**Task item**
Within the entries below, please return exactly the lines from the one with "शादी के मंडप" through the one with "В качестве производителя", leaving out any pictures.

**Source material**
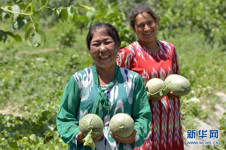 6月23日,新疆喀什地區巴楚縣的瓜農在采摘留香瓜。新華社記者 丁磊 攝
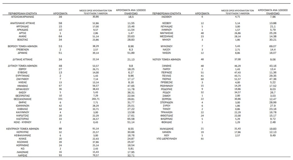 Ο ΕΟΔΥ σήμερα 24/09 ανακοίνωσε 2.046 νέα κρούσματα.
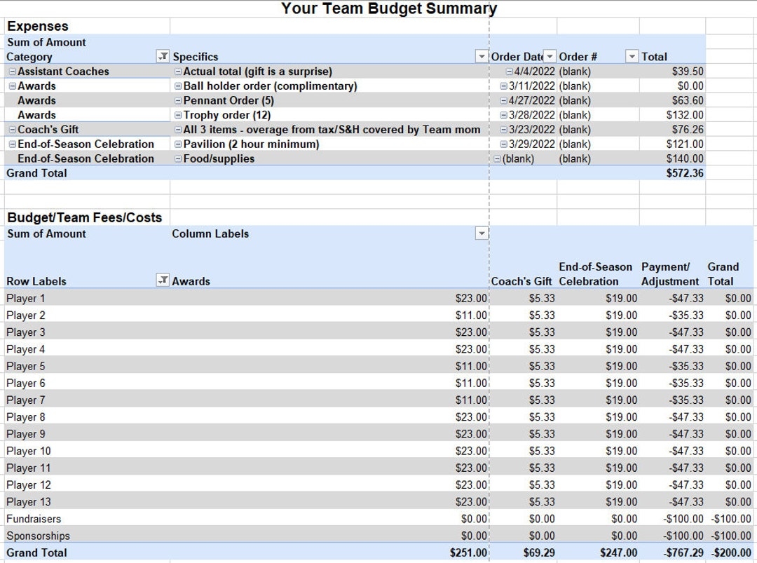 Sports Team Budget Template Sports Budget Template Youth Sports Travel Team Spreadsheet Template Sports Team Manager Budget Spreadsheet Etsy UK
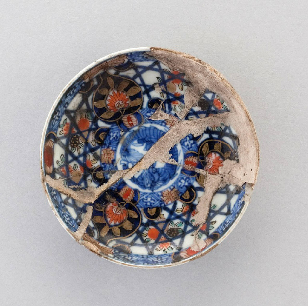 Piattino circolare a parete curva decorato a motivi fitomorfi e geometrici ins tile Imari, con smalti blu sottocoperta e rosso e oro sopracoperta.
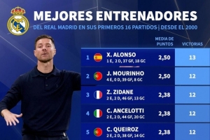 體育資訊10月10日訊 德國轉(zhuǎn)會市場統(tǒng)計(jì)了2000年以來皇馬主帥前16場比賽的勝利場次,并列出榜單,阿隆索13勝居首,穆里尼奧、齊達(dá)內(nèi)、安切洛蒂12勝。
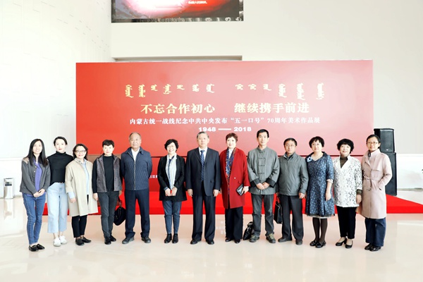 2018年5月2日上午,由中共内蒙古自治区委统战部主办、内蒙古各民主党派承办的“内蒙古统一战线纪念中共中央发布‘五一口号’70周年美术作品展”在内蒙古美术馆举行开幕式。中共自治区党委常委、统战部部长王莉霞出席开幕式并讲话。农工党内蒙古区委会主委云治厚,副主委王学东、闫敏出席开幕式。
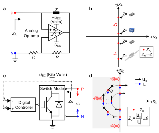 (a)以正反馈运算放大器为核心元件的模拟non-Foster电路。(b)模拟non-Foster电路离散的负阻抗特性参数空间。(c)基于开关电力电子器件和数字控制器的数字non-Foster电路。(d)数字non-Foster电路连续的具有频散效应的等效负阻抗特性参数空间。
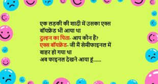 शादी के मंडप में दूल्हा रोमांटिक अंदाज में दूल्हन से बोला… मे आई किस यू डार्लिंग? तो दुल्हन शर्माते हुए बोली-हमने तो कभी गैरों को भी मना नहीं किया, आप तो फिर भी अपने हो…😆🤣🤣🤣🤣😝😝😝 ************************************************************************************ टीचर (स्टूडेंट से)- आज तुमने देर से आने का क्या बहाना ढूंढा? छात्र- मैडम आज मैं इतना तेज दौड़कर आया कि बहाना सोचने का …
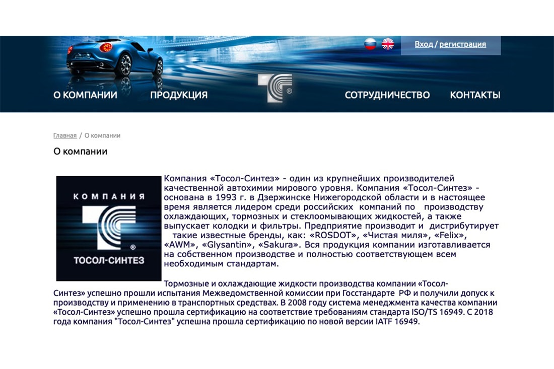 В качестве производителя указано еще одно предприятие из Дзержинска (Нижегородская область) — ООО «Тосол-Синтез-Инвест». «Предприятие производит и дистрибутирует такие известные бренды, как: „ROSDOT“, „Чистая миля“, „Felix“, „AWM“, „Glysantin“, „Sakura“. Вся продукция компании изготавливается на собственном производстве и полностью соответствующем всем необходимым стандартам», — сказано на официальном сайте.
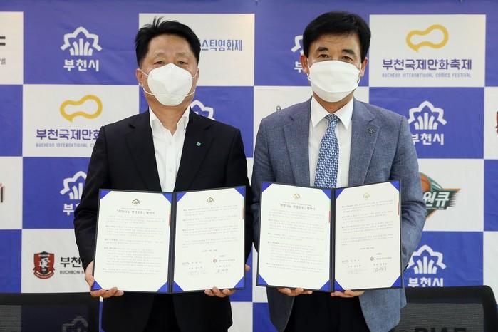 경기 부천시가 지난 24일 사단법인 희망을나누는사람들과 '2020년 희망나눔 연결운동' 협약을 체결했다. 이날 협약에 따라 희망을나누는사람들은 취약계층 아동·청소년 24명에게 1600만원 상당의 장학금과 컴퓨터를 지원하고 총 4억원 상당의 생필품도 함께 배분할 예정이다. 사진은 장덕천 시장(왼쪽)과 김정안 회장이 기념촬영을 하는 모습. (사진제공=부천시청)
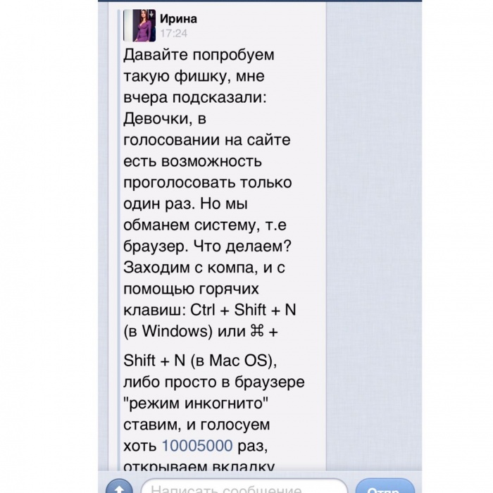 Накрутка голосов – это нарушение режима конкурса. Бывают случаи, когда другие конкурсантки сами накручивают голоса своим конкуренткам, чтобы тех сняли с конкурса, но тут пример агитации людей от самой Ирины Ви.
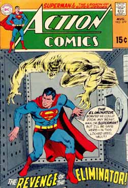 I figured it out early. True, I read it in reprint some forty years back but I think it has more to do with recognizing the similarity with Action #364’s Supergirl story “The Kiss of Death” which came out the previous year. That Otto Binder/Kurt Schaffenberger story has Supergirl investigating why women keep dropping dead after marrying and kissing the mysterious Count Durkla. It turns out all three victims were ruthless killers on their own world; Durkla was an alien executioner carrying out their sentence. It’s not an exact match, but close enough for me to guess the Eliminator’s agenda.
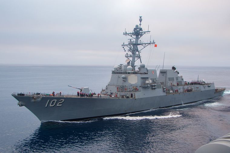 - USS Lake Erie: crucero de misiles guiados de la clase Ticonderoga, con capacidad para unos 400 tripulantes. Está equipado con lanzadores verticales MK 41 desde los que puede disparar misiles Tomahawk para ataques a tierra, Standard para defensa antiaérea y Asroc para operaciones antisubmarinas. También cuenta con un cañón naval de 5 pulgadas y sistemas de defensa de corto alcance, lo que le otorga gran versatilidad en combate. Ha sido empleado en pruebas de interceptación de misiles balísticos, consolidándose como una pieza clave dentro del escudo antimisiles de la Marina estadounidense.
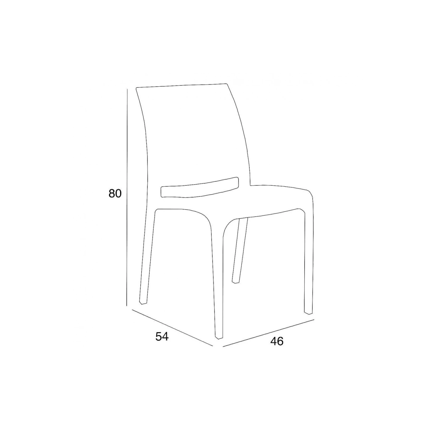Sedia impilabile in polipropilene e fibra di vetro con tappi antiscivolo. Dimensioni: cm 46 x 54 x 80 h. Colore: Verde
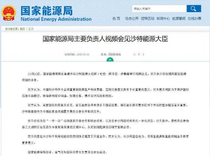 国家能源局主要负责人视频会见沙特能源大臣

---

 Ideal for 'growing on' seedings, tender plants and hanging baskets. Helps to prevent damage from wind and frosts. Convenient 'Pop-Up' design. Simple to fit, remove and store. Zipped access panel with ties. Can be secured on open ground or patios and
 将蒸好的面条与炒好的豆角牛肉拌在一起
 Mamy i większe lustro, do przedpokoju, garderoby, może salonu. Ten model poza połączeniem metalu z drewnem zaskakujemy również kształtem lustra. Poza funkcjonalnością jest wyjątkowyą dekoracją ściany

**Response for this exercise**
 शादी के मंडप में दूल्हा रोमांटिक अंदाज में दूल्हन से बोला… मे आई किस यू डार्लिंग? तो दुल्हन शर्माते हुए बोली-हमने तो कभी गैरों को भी मना नहीं किया, आप तो फिर भी अपने हो…😆🤣🤣🤣🤣😝😝😝 ************************************************************************************ टीचर (स्टूडेंट से)- आज तुमने देर से आने का क्या बहाना ढूंढा? छात्र- मैडम आज मैं इतना तेज दौड़कर आया कि बहाना सोचने का …
 В качестве производителя указано еще одно предприятие из Дзержинска (Нижегородская область) — ООО «Тосол-Синтез-Инвест». «Предприятие производит и дистрибутирует такие известные бренды, как: „ROSDOT“, „Чистая миля“, „Felix“, „AWM“, „Glysantin“, „Sakura“. Вся продукция компании изготавливается на собственном производстве и полностью соответствующем всем необходимым стандартам», — сказано на официальном сайте.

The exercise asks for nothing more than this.